この秋に憧れの地イタリアに行ってきました。北はミラノから南はローマ、
ポンペイまで足を伸ばしましたが、写真に入りきらない、遺跡の大きさに
圧倒され、また比較文化面でも興味を覚えて帰ってまいりました。ゲーテ
ではありませんが、紀行文が書けようというものです。
ミラノではスカラ座で「ペレアスとメリザンド」(5階当日券10ユーロ
約1,400円。【注】ジョルジュ・プレートル指揮)を聴いてきました。5階2
列目では舞台がほとんど見えず、フランス語も、イタリア語の字幕もさっ
ぱり理解できませんでしたが、とにかく声と音(音響)はすばらしくよかっ
たです。
今年の12月は、ワグネルの定期と青の会(だけ)を聴きました。
「雪明りの路」(【注】伊藤整作詩、多田武彦作曲)。
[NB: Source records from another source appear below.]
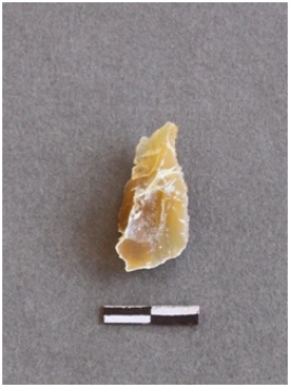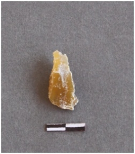 | Description / विवरण | The chalcedony fragment has numerous negative bulbs on one side due to flaking, and a positive bulb on other side. The piece has a pointed end and a prominent medium ridge as a result of flaking. The piece is golden yellow in color. |
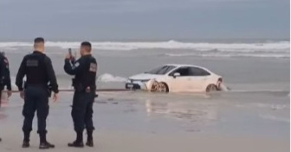 Carro engolido pelo mar, em Salinópolis, é rebocado pela PM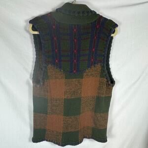 Vintage 90s Gina Peters Knit Plaid Embroidered Button Sweater Vest Size Medium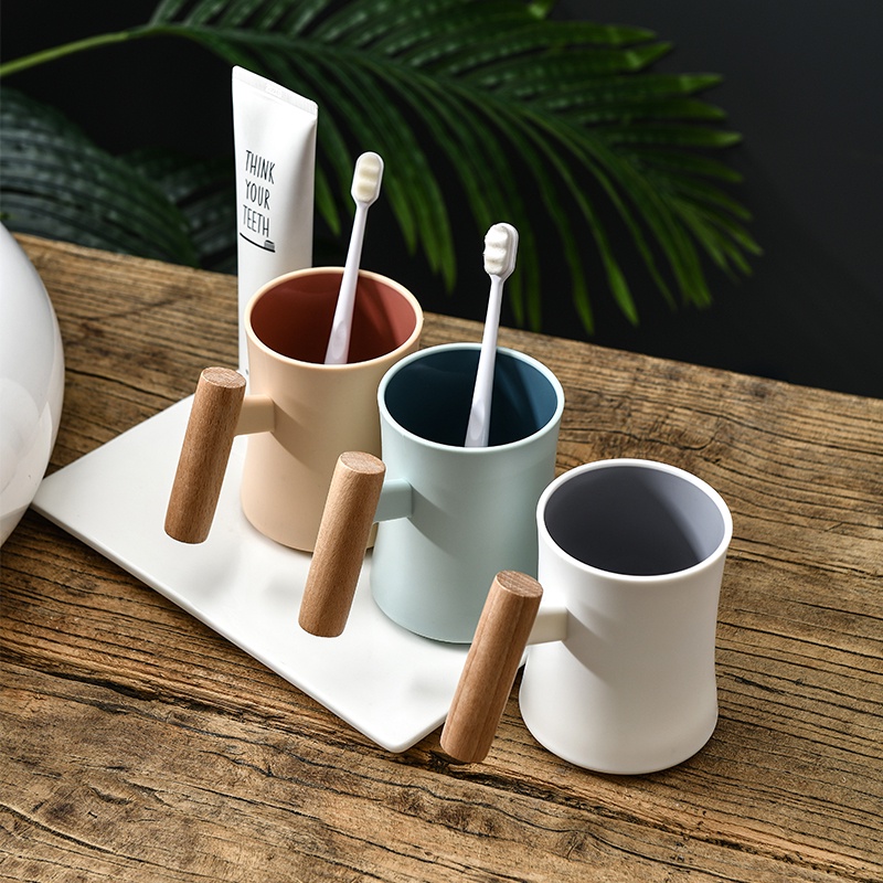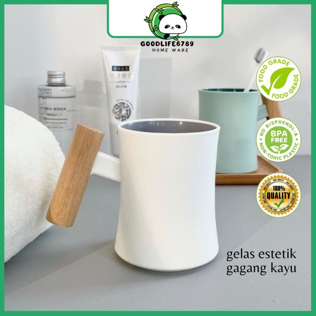 Mug Gelas Plastik Unik Estetik Gagang Kayu /Gelas Coffee Elegant Gelas Kopi Teh Panas TY-5254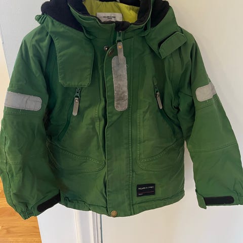 Skikkelig god vinterjakke fra Polarn og pyret. Nyvasket. Holder varmen veldig godt. Det sMme gjør vinterbuksen fra Reima. Begge i str 110 (4-5. år)
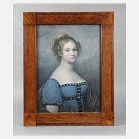 Rahmen aus ca. 7,5 cm breiter, schlicht profilierter Eichenleiste mit quadrierten Ecken, Eckverbindungen geblattet, original beigefügt Kunstdruck einer jungen Biedermeierdame mit gekröntem Haupt hinter Glas als Zugabe, Falzmaß ca. 55 x 41,5 cm.
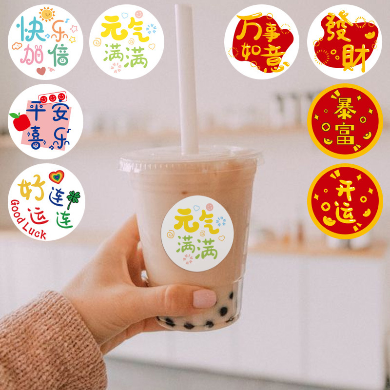 自己粘着ステッカー増粘ラベルカスタマイズされた QR コードロゴ印刷ミルクティー包装シールステッカー商標カスタマイズ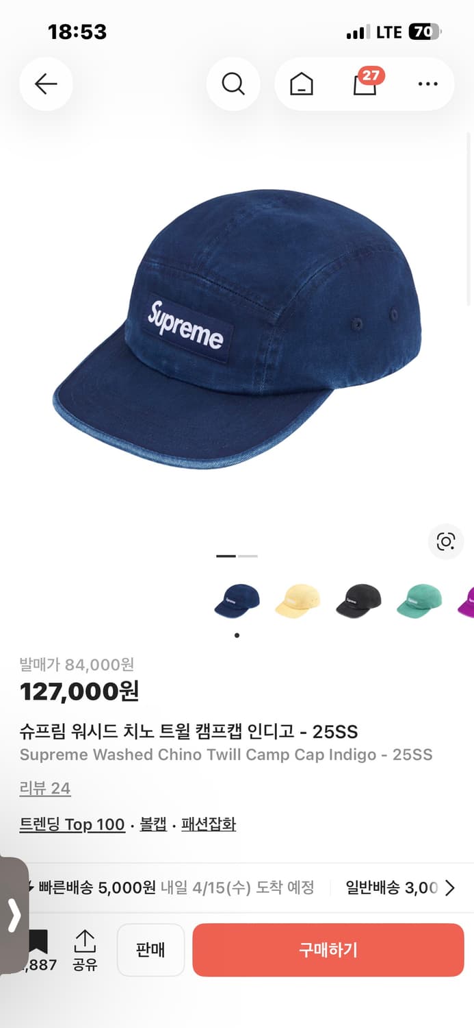 슈프림 워시드 치노 트윌 캠프캡 데님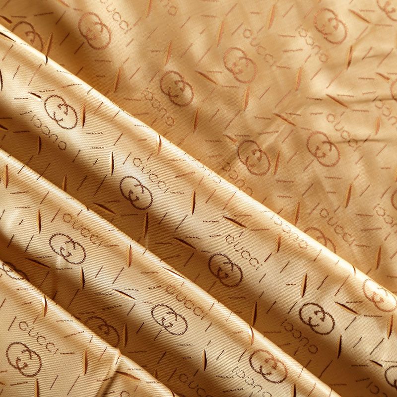 Смесовая подкладочная ткань желтого оттенка с жаккардовым узором и красивым лоском. Полотно средней плотности, легкое, не просвечивает, хорошо скользит, не тянется. Подойдет для изготовления таких изделий, как пальто, костюмы, куртка, шуба, платье, жакет.
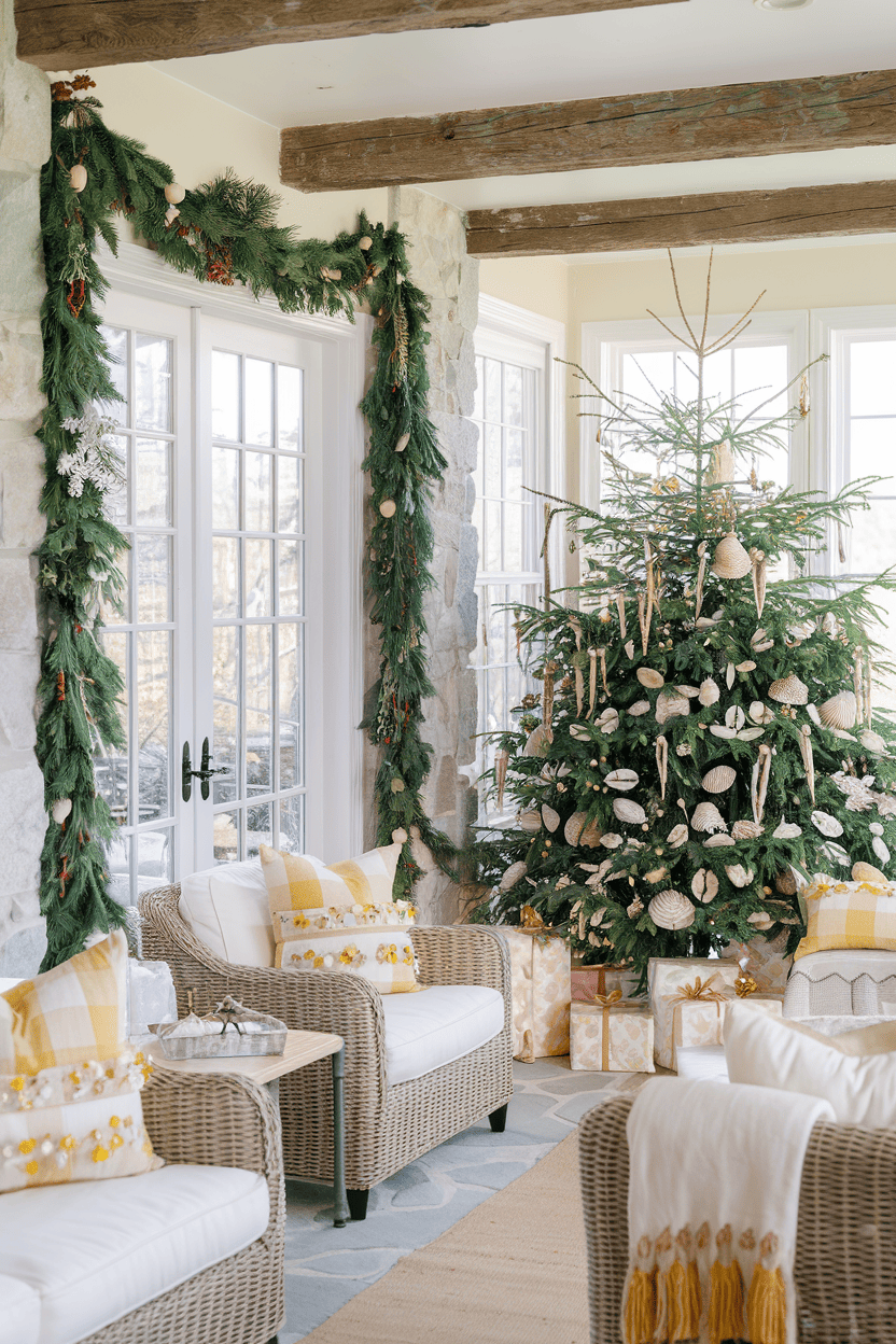 This sun-drenched coastal-inspired space masterfully blends rustic and elegant elements, featuring exposed wooden beams against crisp white walls and French doors that flood the room with natural light. The sophisticated holiday décor scheme employs a serene palette of whites and neutrals, with a striking Christmas tree adorned in seashells and natural ornaments, complemented by fresh evergreen garlands framing the windows. The seating area showcases comfortable wicker armchairs with plush white cushions, accented by yellow buffalo check pillows and throws, creating an inviting coastal Christmas retreat that feels both elevated and welcoming.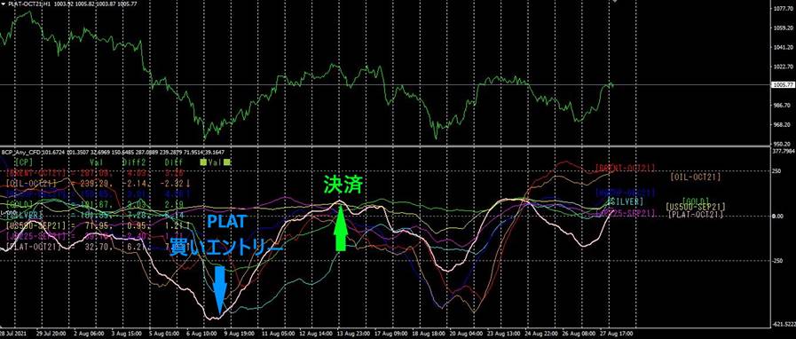 8本のグラフの中で、PLAT-OCT21が一番下になり、さらに底を打って反転してきました。(89)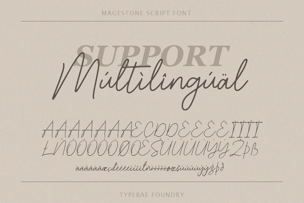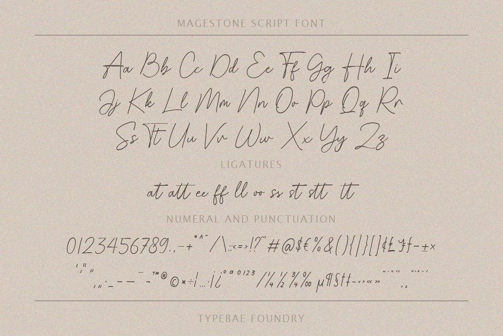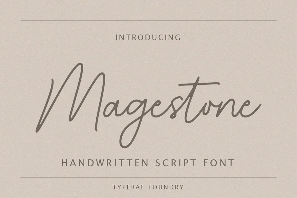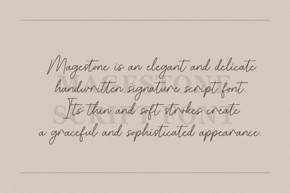 Magestone is an elegant and delicate handwritten signature script font. Its thin and soft strokes create a graceful and sophisticated appearance. It exudes a sense of refinement and uniqueness, making it an ideal choice for branding, invitations, logos, and other creative projects where a touch of elegance is desired.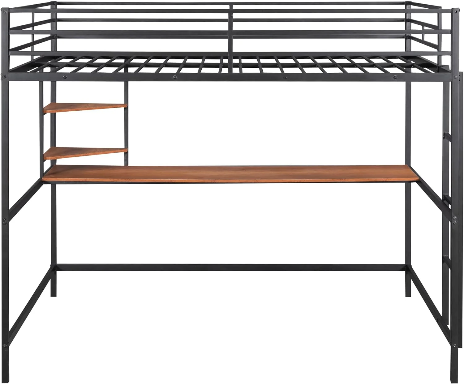 Loft Bed With Desk, Metal Size Loft Bed Frame With 2 Shelves, Bedroom Furniture, Black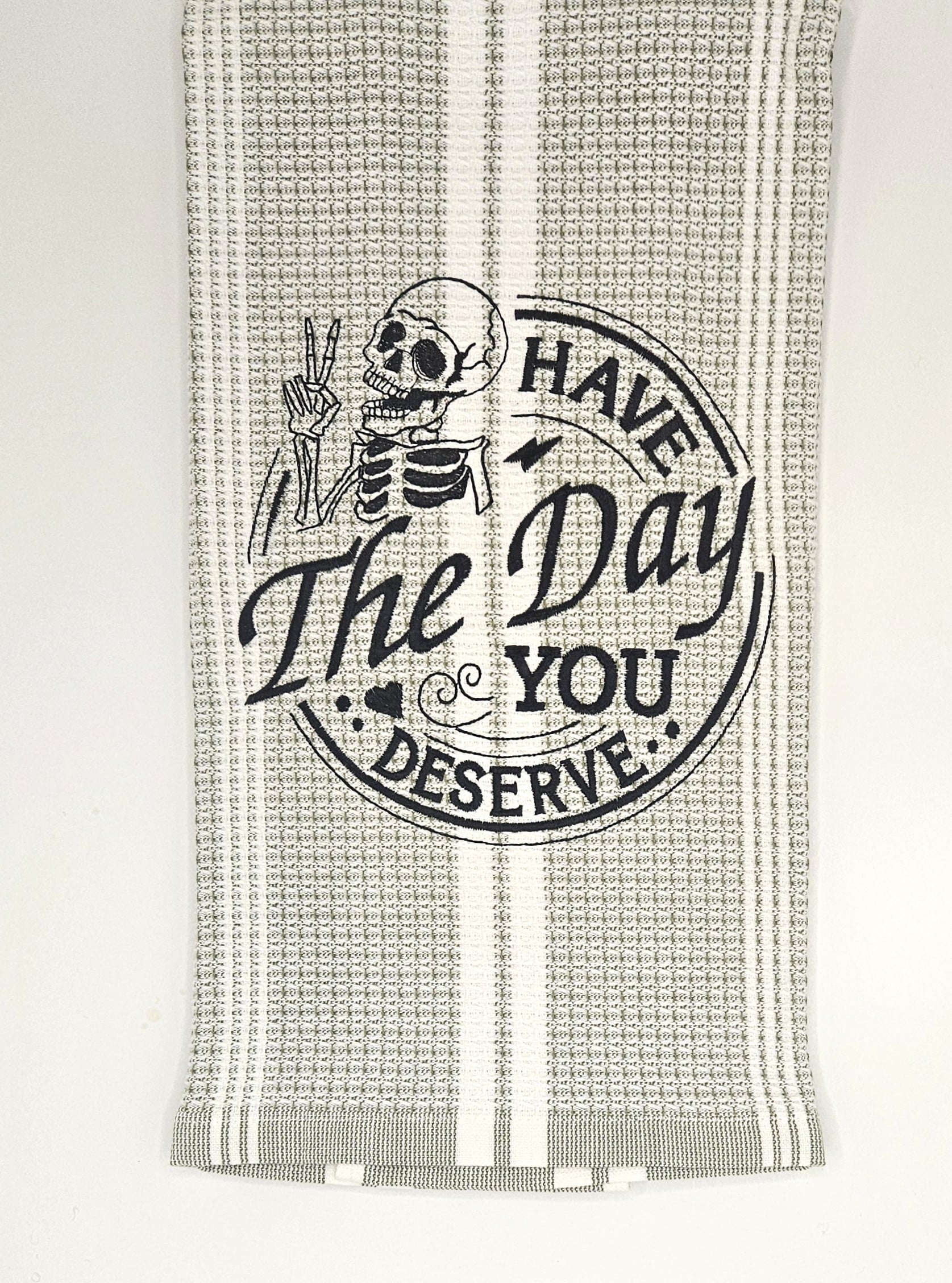 Be the first to review “Have The Day You Deserve Embroidered Kitchen Towel”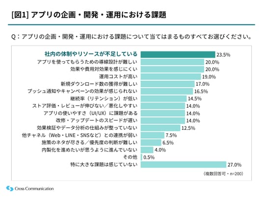 運用課題のトップは「社内体制やリソースが不足」。アプリ運用の実態が浮き彫りに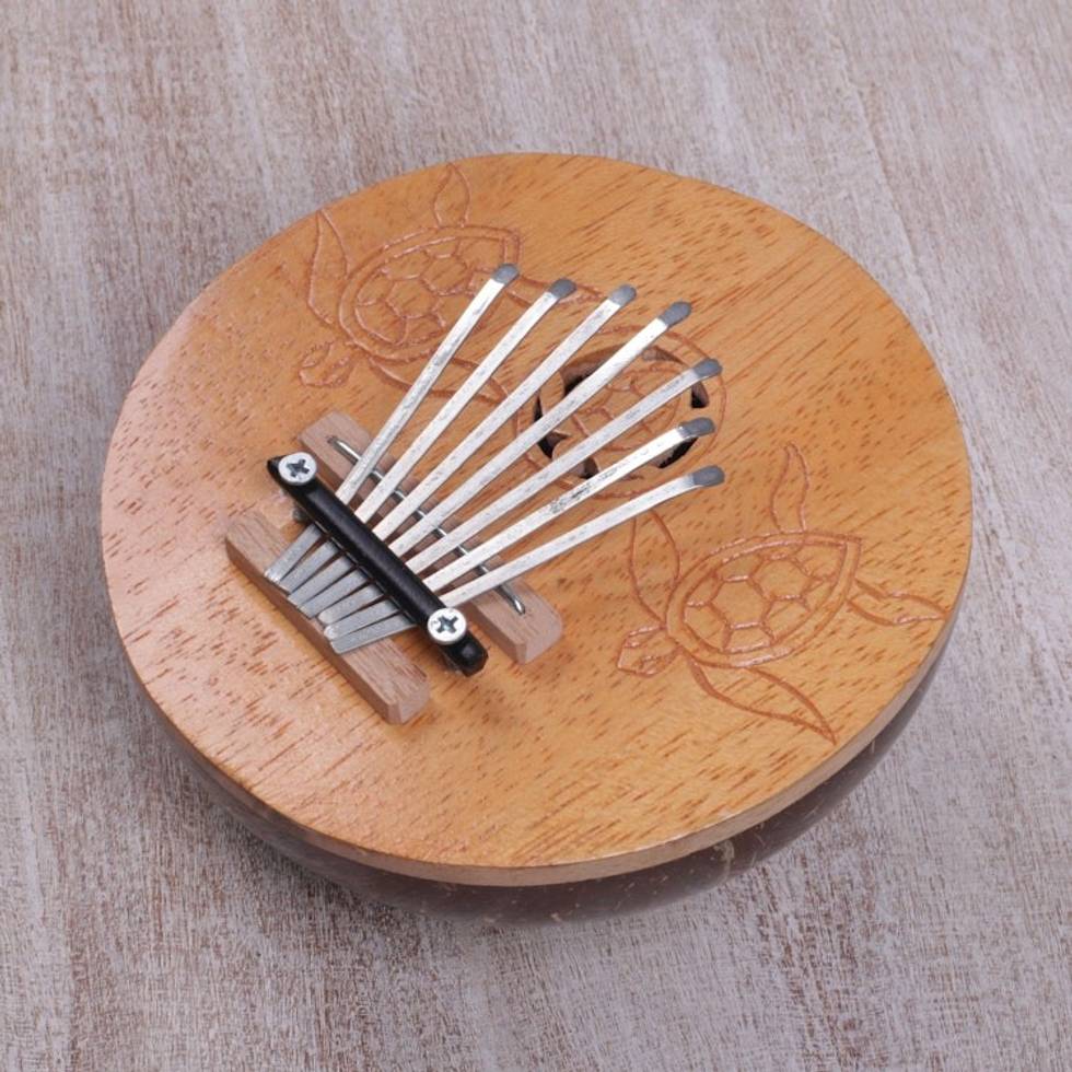Hand Crafted Balinese Coconut Shell Thumb Piano 'Turtle Kalimba' Item ID: 2671821809

30人の合唱はさす
がに厚みはなかったですが、アンサンブルを保持しつつ、一人ひとりが
気持ちを持って歌いきったことに感動でした。
31年前の演奏は青春の抒情の世界でしたが、今回はあくまで叙景の
中に抒情を織り交ぜたように(私には)感じられました。早速ライヴCD
を注文した次第です。
「オランダ人」はいかにもワグネル!「オランダ人」だというので、久しぶ
りに一緒に行った母が大喜びしておりました。現役の若々しい声とOB
の老練なそれの対比が大変おもしろかったです。(【注】現役がノルウェ
ー人、OBがオランダ人を歌った)。
(後略)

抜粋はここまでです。